Machine Learning models are based on mathematical equations, so it would cause some problem if we keep the text and use categorical variables in the equation because ML Model want only numbers in the equations. That's why we need to encode categorical variables.
In 'Startup_Profit.csv', State is a categorical variable because it simply contains categories.
• State variable contains three different categories - New York, California and Florida
In Python, there are two ways of doing this:
- Using Pandas Library
- Using Sklearn Library
If you are using pandas you have to create dummy variable and if you are using sklearn you have to use LabelEncoder and OneHotEncoder.
Python will give levels to these categories and the order of those levels is not important. But we have to prevent ML equations from thinking one level is greater than other or vice versa. To prevent this, we use dummy variables. So, for example, for State column, instead of having one column we will have 2 columns (n-1). This can be achieved with the help of get_dummies() in pandas and OneHotEncoder class in sklearn.
In this project I have used pandas.
In Python, you have to create two matrices for independent variables and dependent variable.
Hence for Startup_Profit.csv, create one matrix for four independent variables and then create one matrix dependent variable.

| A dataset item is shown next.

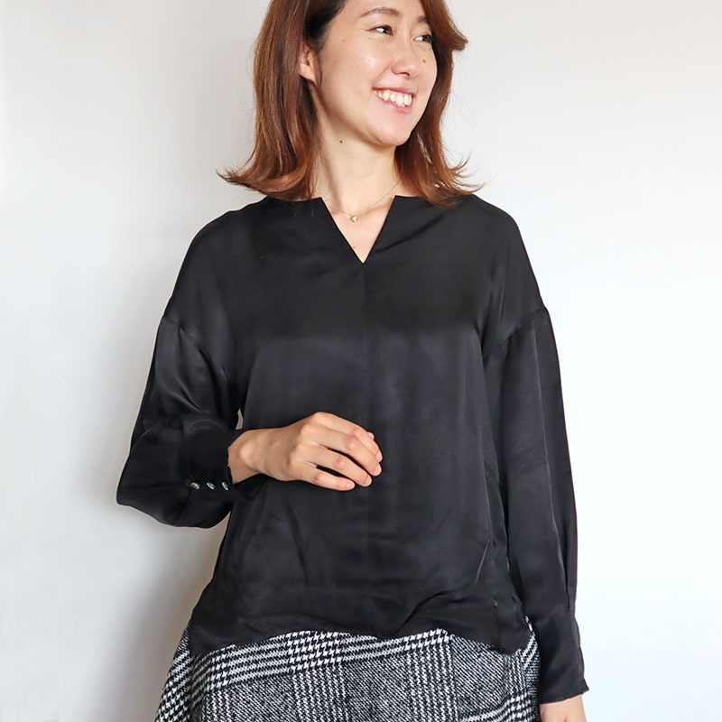 サテン調お袖ボリュームブラウス/Arumlily 8211

ML is about a machine that is going to learn from the data to make predictions.
We need to split the dataset into training set and test set. Using training set, we build the machine learning model and using test set, we test the performance of this machine learning model.
We are building our ML model on training set by establishing some correlation between independent variables and dependent variables and once the ML model understands the correlation between independent variables and dependent variables. We will test if the ML model can apply the correlations you understood based on training set on test set.

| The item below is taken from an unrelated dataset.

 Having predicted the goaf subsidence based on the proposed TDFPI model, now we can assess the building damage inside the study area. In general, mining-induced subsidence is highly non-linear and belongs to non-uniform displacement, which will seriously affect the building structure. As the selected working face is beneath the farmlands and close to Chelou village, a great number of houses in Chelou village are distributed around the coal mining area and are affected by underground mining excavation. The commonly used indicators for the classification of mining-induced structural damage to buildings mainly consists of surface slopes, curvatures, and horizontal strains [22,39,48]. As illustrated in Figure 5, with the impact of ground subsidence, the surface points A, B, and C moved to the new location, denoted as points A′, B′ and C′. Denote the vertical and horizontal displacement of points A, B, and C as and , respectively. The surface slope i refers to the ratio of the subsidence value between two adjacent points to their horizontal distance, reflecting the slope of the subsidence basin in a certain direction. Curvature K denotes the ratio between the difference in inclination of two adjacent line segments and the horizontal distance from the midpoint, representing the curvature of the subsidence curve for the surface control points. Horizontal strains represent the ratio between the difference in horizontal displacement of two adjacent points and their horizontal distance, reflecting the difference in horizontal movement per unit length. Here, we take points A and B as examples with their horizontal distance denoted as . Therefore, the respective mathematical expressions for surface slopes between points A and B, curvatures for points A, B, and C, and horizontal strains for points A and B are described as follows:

In brief, we have to make two different datasets. The training set on which the machine learning model learns and test set on which we test if the ML model learned correctly the correlations.
In Python, model_selection class from scikitlearn library is used to split the dataset into training and test set.
In this project, I have given 75% of data for training and 25% of data for testing.
Linear regression is perhaps one of the most well-known and well-understood algorithms in statistics and machine learning. Linear regression is a linear approach to modeling the relationship between a scalar response (or dependent variable) and one or more explanatory variables (or independent variables).
In this project we have achieved an accuracy of 92% (0.9259600592002034)